# Exercise requirements:
Using the records that follow, reproduce exactly the lines starting at the line containing "This image captures" and ending at the line containing "козацькому літописцю, автору". Include both end lines and no pictures.
Start of Data for review
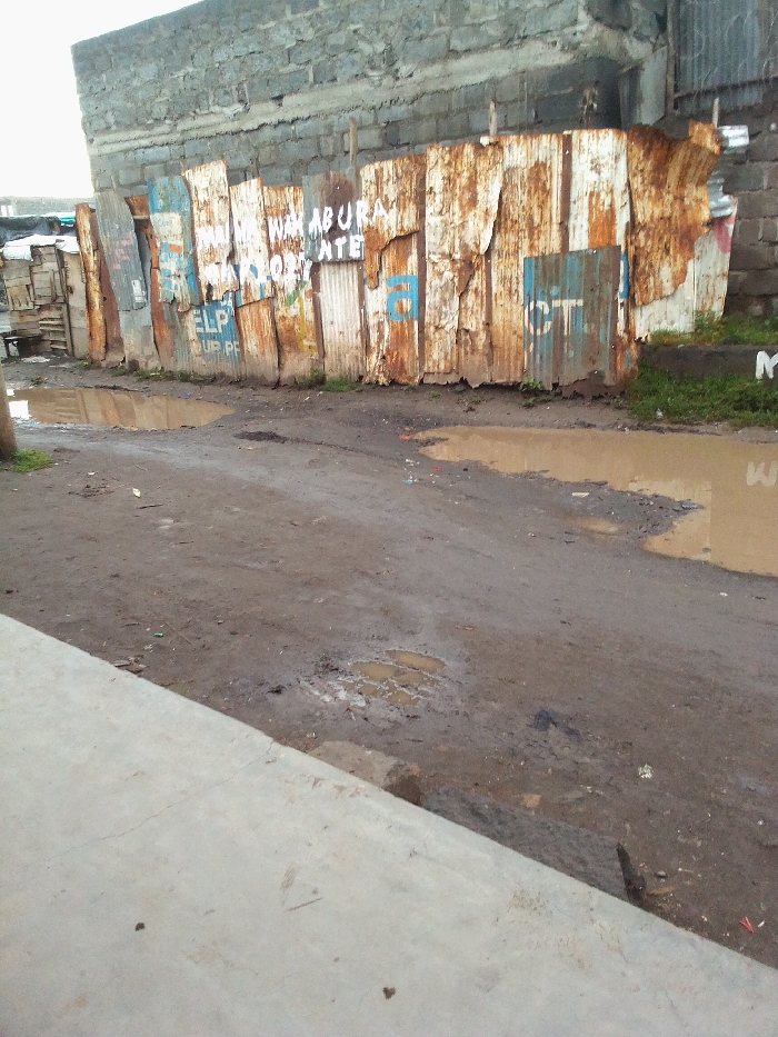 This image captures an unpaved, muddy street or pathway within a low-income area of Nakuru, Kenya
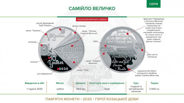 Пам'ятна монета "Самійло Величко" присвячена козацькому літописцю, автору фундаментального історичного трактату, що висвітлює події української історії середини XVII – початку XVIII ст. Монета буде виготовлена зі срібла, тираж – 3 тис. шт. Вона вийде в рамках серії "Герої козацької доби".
End of Data for review
Start of Data for review
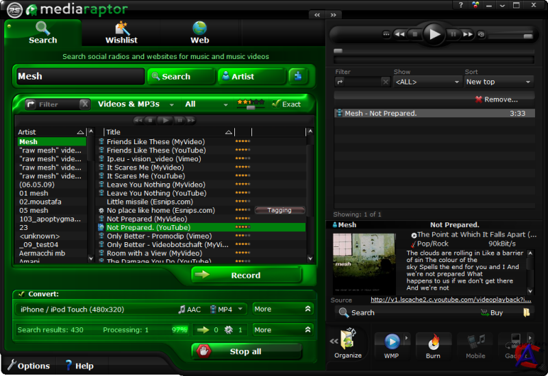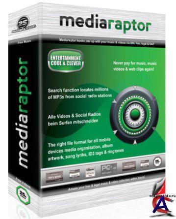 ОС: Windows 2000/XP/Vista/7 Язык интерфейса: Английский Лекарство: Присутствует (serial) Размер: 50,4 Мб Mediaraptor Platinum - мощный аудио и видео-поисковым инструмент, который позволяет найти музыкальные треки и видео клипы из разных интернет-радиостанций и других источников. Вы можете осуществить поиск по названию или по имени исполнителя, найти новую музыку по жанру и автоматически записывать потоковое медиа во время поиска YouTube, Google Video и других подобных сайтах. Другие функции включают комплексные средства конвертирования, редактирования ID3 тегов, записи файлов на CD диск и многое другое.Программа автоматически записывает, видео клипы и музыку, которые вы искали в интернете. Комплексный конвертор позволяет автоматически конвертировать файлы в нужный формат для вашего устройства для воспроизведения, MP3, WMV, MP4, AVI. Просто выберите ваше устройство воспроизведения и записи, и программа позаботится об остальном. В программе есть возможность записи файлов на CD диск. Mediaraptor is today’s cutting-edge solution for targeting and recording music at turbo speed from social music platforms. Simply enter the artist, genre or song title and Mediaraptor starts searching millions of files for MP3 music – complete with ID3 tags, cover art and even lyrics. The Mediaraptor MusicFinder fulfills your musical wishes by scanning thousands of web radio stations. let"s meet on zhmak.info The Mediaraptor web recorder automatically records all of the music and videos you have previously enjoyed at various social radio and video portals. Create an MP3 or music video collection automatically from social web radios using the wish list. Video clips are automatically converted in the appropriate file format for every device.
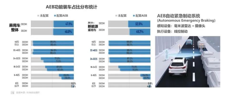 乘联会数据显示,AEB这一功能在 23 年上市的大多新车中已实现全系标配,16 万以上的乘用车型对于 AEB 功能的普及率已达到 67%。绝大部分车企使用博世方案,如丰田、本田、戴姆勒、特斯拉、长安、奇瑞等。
End of Data for review
Start of Data for review
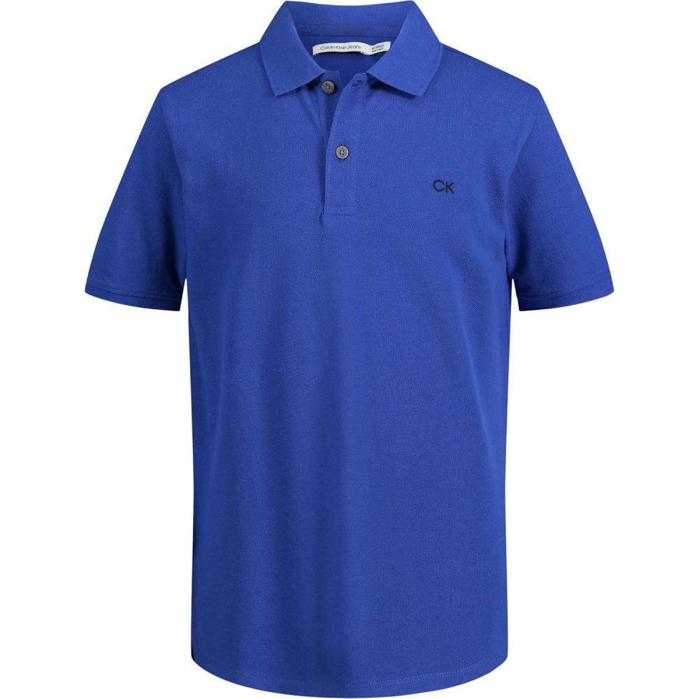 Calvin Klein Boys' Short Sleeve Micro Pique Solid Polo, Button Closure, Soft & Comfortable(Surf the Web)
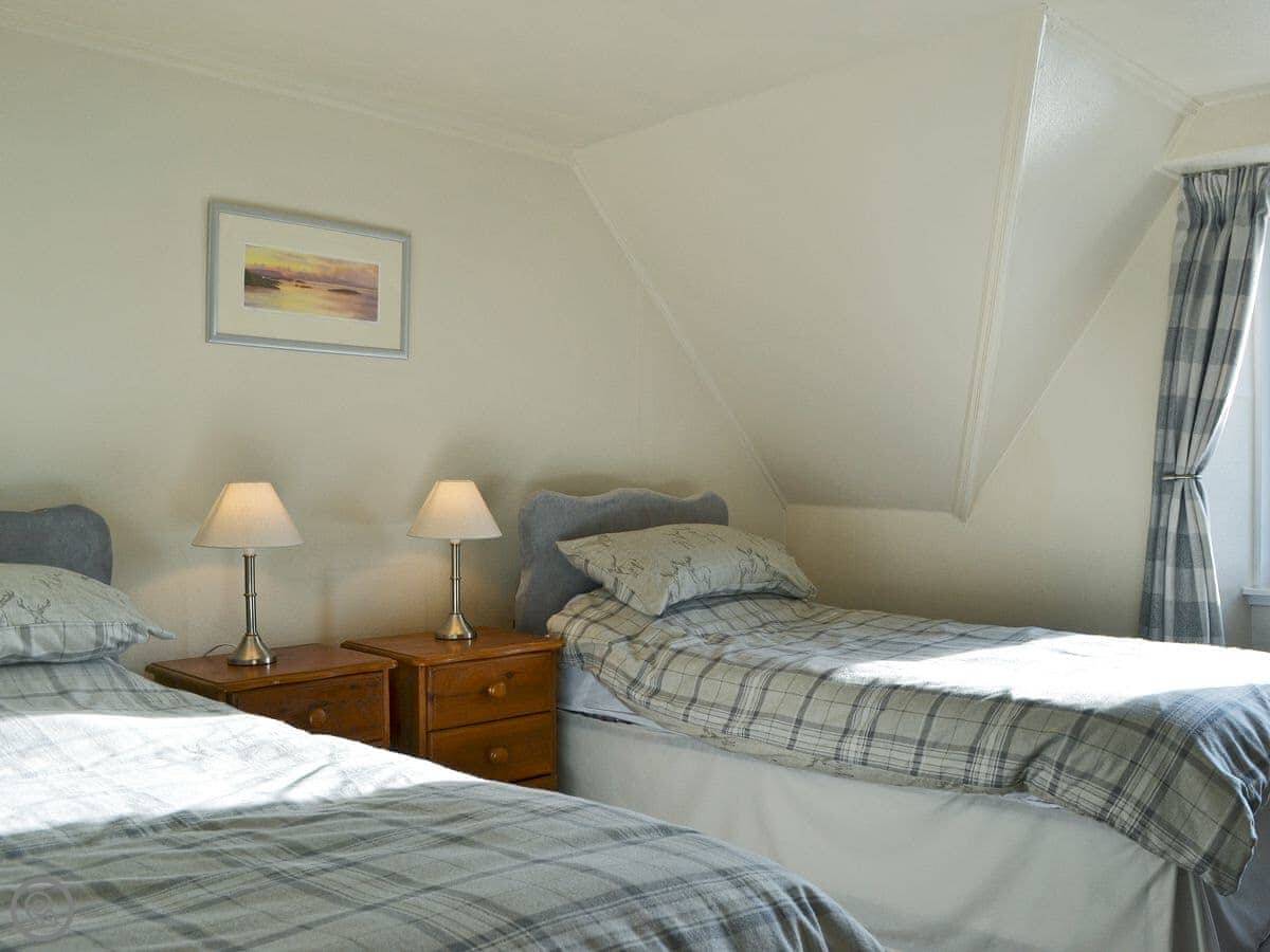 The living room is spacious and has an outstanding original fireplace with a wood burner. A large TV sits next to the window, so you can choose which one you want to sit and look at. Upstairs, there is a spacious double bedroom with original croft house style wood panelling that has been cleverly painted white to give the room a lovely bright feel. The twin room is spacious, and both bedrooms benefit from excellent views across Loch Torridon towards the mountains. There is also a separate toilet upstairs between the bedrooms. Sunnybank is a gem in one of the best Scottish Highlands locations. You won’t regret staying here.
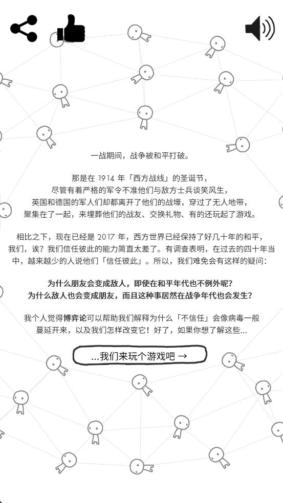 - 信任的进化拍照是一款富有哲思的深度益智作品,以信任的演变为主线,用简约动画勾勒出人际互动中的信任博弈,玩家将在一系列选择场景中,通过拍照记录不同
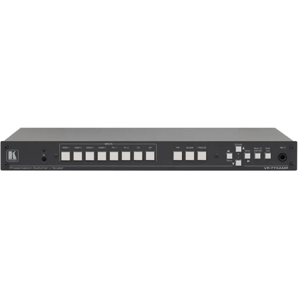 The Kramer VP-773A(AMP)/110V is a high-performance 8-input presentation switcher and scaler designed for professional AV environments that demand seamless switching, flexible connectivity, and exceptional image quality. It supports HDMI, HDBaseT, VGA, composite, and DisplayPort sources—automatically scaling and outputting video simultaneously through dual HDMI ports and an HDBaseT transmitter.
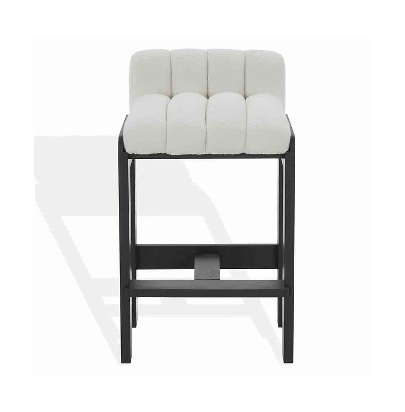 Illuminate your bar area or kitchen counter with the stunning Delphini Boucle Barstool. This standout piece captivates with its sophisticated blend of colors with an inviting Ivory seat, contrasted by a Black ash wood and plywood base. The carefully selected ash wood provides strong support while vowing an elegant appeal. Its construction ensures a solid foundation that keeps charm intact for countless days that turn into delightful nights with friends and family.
End of Data for review
# Output below:
 This image captures an unpaved, muddy street or pathway within a low-income area of Nakuru, Kenya
 Пам'ятна монета "Самійло Величко" присвячена козацькому літописцю, автору фундаментального історичного трактату, що висвітлює події української історії середини XVII – початку XVIII ст. Монета буде виготовлена зі срібла, тираж – 3 тис. шт. Вона вийде в рамках серії "Герої козацької доби".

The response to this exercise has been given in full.